What is the next major area of development for quantitative modeling

Models to help us understand order book dynamics and optimal execution are badly needed and are under development.

What do you think of the current financial reform bill shaping up in Washington

We need the banks for financial intermediation, and that requires that they synthesize and trade derivatives. As a society, we would be better served if the banks did not engage in proprietary trading. If these two functions can be separated, I am for it. However, I don’t know if they can be kept separate.

What would you do if asked to regulate Wall Street

Pay the regulators as much money as politically feasible. Otherwise, all the talent migrates to Wall Street.

When CMU started its Computational Finance program in 1994, it was one of the first programs of its kind. Now, we have programs of all shape and size vying for the same group of students. Do you believe the market can absorb the number of entry level quant graduates produced each year

I did not expect the market to be able to absorb even half as many entry level quants as are being produced, and now that it has, I don’t know what to expect about total numbers. Because we devote so many faculty and staff resources to our program, I expect the CMU program to remain among the leaders in this field, and hence there will be a place for our graduates even during market downturns.

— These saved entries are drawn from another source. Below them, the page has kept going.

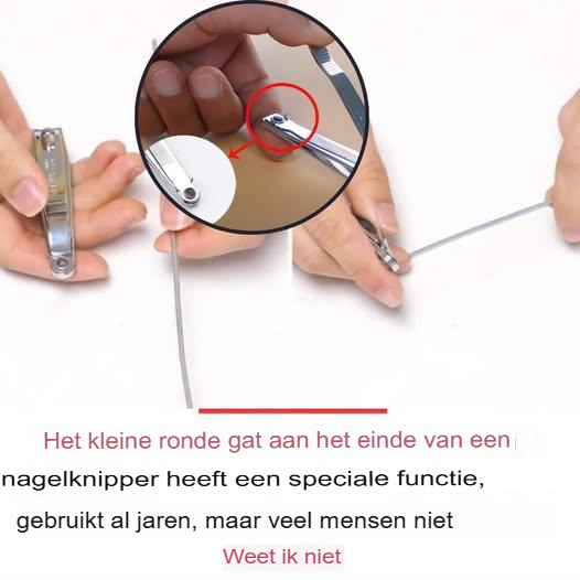 Het kleine ronde gaatje aan het uiteinde van een nagelknipper
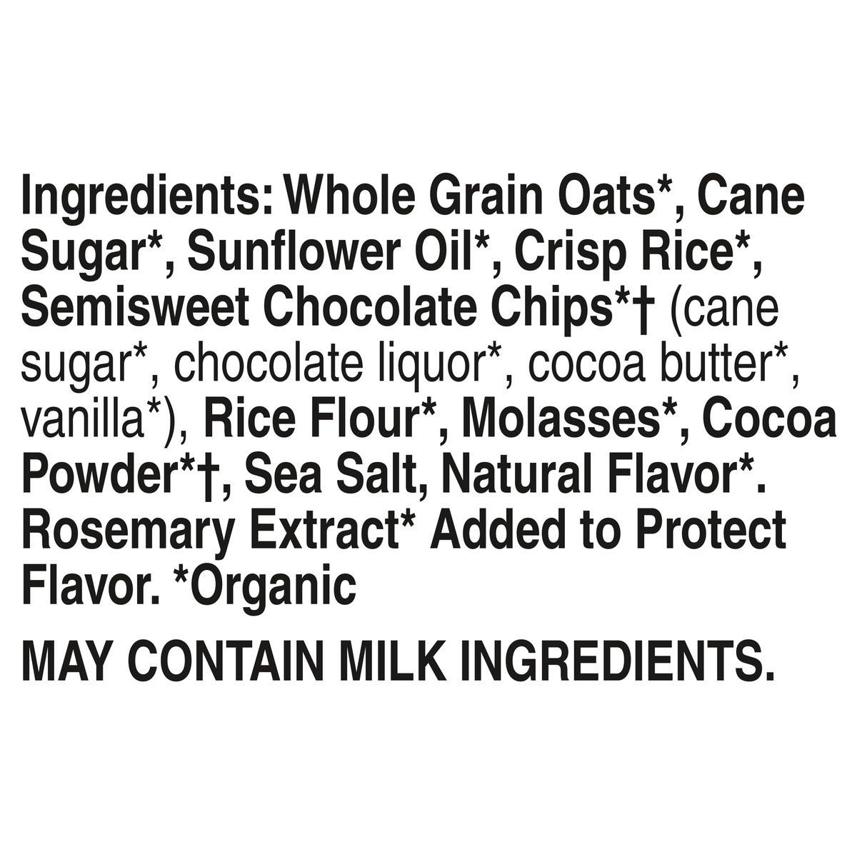 Whole Grain Oats*, Cane Sugar*, Sunflower Oil*, Crisp Rice*, Semisweet Chocolate Chips*(a) (Cane Sugar*, Chocolate Liquor*, Cocoa Butter*, Vanilla*), Rice Flour*, Molasses*, Cocoa Powder*(a), Sea Salt…
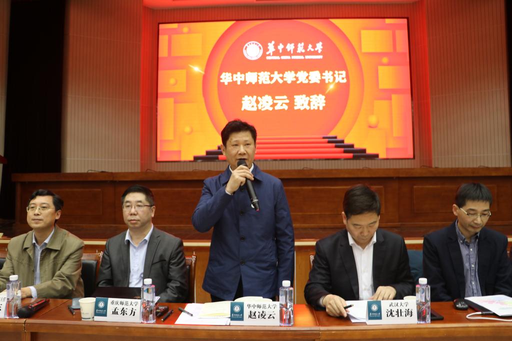 华中师范大学党委书记赵凌云出席会议并致辞。他首先代表学校向参会领导老师表示诚挚欢迎与感谢,对本次高等院校马克思主义学院院长联席会议的召开表示祝贺。他指出,今年是中国共产党诞辰100周年,在这一重要历史时刻召开此会机会难得且意义重大,发起成立院长联席会议这一机制和平台,有利于开展有组织的理论研究,由各高校共同确定重大课题、集中力量攻关,有利于推进可持续创新性发展,有利于培育扎根大地的学风。结合正在全党开展的党史学习教育,他简要介绍了华中师范大学以及马克思主义学院在学科建设、人才培养、科学研究、社会服务和文化传承等方面努力与成绩。他表示,希望通过联席会议推进全国马克思主义学院资源共享,优势互补,共商共建共发展,为建设好马克思主义学院、马克思主义理论学科,推进马克思主义中国化新的伟大进程,作出更大的贡献。
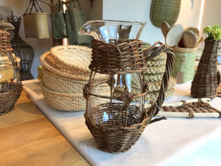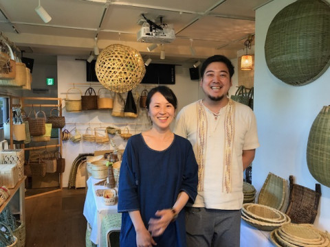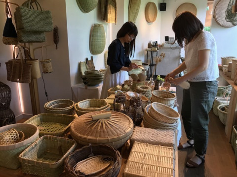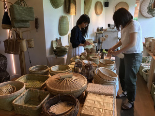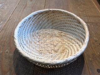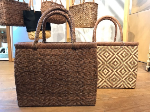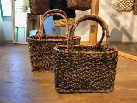 TOBICHI2で市川商店の準備完了! 明日、9日(金)11時からTOBICHI2の2階で 「たけ あけび ぶどう くるみ いぐさの かごや どうぐや 市川商店」がはじまります。 市川ご夫妻も、明日から3日間、どんなお客様がいらっしゃるか、たのしみでたまらないようです。 みなさまのお越しをお待ちしております。 ところでザルやかごをちらりとご紹介。 ザルひとつとっても定番の蕎麦用のザルから、お米を研ぐための背が高いザル、小豆洗い用のザル、またたびでつくられた白く美しいザルなどいろいろな種類があります。 めずらしいところでは、どじょうをつかまえるときのかごや、おすもうさんが土俵で塩をまくときにつかう四角い入れ物や、取っ手があけびのピッチャーなど、なかなか見かけないものがたくさんあります。 なかなか見かけないといえば、手提げかご。 ぶどう、あけび、くるみなどのバッグのなかに、あけびとくるみの木の皮を交互に使って編んだかわいいバッグがありました。 くるみの木の皮の外側を使っているバッグは、グレーがメインになっていて(写真後ろ側) 皮の内側を使っているバッグは黒に近いチャコールグレーが印象深いです(写真手前)。 かわいいちいさめのかたちに、モノトーンが入ったことで、キリッとした印象になっていました。 ちなみにこのあけびとくるみのバッグのお値段は、2万円+税です。 それから、またたびとぶどうの蔓のダイヤ柄のバッグに驚きました。 (写真後ろの白×茶のバッグ) まず、お値段にびっくりーーー。 そして、細工や編み目の丁寧さ、こまやかさ、上品なつやのよさにも驚きました。 持ったときにふわっと軽いことも驚きでした。 こういう立派なバッグに気軽に触れられる機会があることがおもしろいなあと思いました。 またたびとぶどうの蔓のバッグと同じかたちで、ぶどうの蔓だけでつくられた深い茶色のバッグもありました(写真手前)。 こちらは、実はダイヤ柄になるように編まれていて、使い始めは知っている人だけが気がつくけど、使い込んでいくとダイヤ柄が黒っぽく浮き出ててきて、それはそれは美しそうです。 ぶどう蔓は100年持つというのもすごいですね。 店主の市川さんは、いろいろな素材や作り方、作り手さんのお話もしてくださいます。 もちろん、使いかたなども教えてくださいますから、お近くにいらっしゃるかたは、ぜひ足をのばして遊びに来てくださいね。 2017/06/08 20:55 |
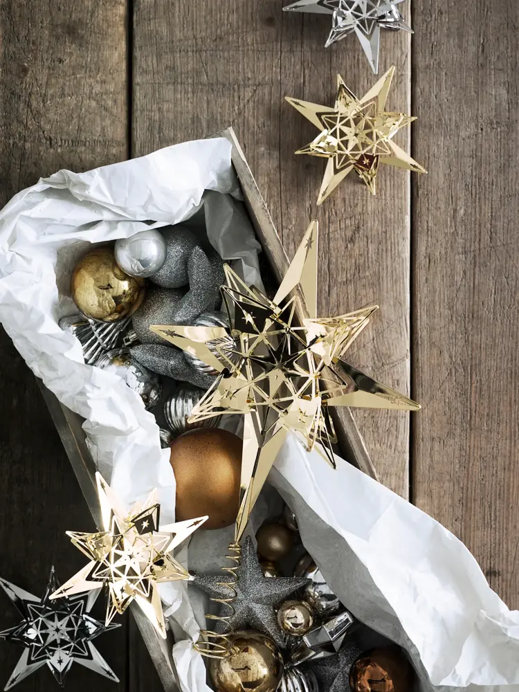 Kombiner gjerne med pyntegjenstander i forgylte materialer, jordfarger og dekorative lys.
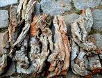Holzbohle bearbeitet, teilweise eingebrannte Strukturen, |

If you are a student today, how would you go about choosing a good Financial Engineering program

Some of the factors to consider are breadth and depth of the curriculum, including the degree to which it is integrated rather than individual instructors doing their own thing in isolation, the quality of the instruction, and the support for placement. Some of this can be learned from reading websites, talking with current and past students, and checking to see if detailed and credible placement statistics are available. For students who are new to finance and hence need to build a network for career advancement, graduation from a program with a large alumni network is valuable.

Currently, only a handful of the MFE programs provide any kind of public numbers on their website. Do you believe these quant programs have to be more transparent in their employment statistics

Yes. Furthermore, programs need to report their figures honestly. Eventually everyone finds a job of some sort, so all programs can claim 100% placement. Reporting this is not helpful. To report on placement for our Master’s program in Computational Finance, we use the standards agreed to by business schools for reporting on placement of graduates from their MBA programs. In particular, our final figure is the number of students placed in jobs appropriate for our degree within three months of graduation. Our rules for computing starting salaries are strict. For example, estimated year-end bonuses are not included. All this information is reported on our website.

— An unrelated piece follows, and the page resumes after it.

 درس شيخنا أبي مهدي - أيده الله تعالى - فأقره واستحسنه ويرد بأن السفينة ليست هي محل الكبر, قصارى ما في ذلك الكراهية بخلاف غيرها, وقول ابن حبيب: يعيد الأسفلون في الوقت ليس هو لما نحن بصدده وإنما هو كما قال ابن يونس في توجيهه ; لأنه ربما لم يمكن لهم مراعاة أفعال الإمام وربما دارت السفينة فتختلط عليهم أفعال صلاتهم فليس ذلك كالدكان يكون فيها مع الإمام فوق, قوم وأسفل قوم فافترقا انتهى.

What advice would you give someone who wants to become a financial engineer

This is engineering, and it makes sense only for those who like math, know how to program, and have the interpersonal skills to succeed in a business environment. The hours are long, especially at the beginning, and those who are successful are those who enjoy most aspects of the job. You cannot do a job well over a lifetime, or even half a lifetime, if you don’t like it. A good salary does not change this fact.

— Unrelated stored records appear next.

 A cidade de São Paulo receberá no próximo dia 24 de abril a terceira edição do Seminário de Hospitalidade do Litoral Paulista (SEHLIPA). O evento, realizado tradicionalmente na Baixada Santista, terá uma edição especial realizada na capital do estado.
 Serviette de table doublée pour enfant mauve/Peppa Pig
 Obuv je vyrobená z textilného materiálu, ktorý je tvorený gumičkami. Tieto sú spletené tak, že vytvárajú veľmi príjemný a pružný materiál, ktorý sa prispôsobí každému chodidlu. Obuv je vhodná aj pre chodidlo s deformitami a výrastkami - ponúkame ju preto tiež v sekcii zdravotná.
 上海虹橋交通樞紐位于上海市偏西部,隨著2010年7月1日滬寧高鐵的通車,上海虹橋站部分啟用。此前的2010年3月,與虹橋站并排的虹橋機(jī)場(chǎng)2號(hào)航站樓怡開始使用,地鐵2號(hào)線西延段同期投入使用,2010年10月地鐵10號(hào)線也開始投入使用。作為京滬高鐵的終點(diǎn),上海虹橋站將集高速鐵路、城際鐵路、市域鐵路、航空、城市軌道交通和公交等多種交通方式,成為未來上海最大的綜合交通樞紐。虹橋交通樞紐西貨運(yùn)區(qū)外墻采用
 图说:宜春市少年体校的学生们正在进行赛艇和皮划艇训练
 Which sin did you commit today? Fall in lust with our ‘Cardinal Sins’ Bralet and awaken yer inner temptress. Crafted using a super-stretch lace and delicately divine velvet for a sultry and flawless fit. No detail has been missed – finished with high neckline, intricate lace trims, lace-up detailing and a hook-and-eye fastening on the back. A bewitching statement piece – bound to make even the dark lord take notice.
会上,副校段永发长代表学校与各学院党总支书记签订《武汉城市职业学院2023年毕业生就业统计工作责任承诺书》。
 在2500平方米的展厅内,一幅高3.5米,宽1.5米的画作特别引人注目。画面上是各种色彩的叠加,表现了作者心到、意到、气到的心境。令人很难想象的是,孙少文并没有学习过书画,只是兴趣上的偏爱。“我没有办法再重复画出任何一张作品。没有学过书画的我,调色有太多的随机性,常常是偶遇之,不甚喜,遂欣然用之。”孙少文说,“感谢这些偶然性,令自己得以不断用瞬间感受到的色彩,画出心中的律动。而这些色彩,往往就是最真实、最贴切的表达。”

What is something you wish you had known 10 years ago? What would you like to be doing 10 years from now

I wish I had known ten years ago that financial engineering would see such phenomenal growth. It would have enabled us at Carnegie Mellon to plan better to meet the rising demand. Ten years from now I plan to be finishing up new editions of my Stochastic Calculus for Finance books.

What is something most people don’t know about you

My wife and I have a farm house in West Virginia — land that has been in her family for generations. I go there to drive my tractor and unwind.

Thank you for your time, Dr. Shreve and we look forward to reading your next book.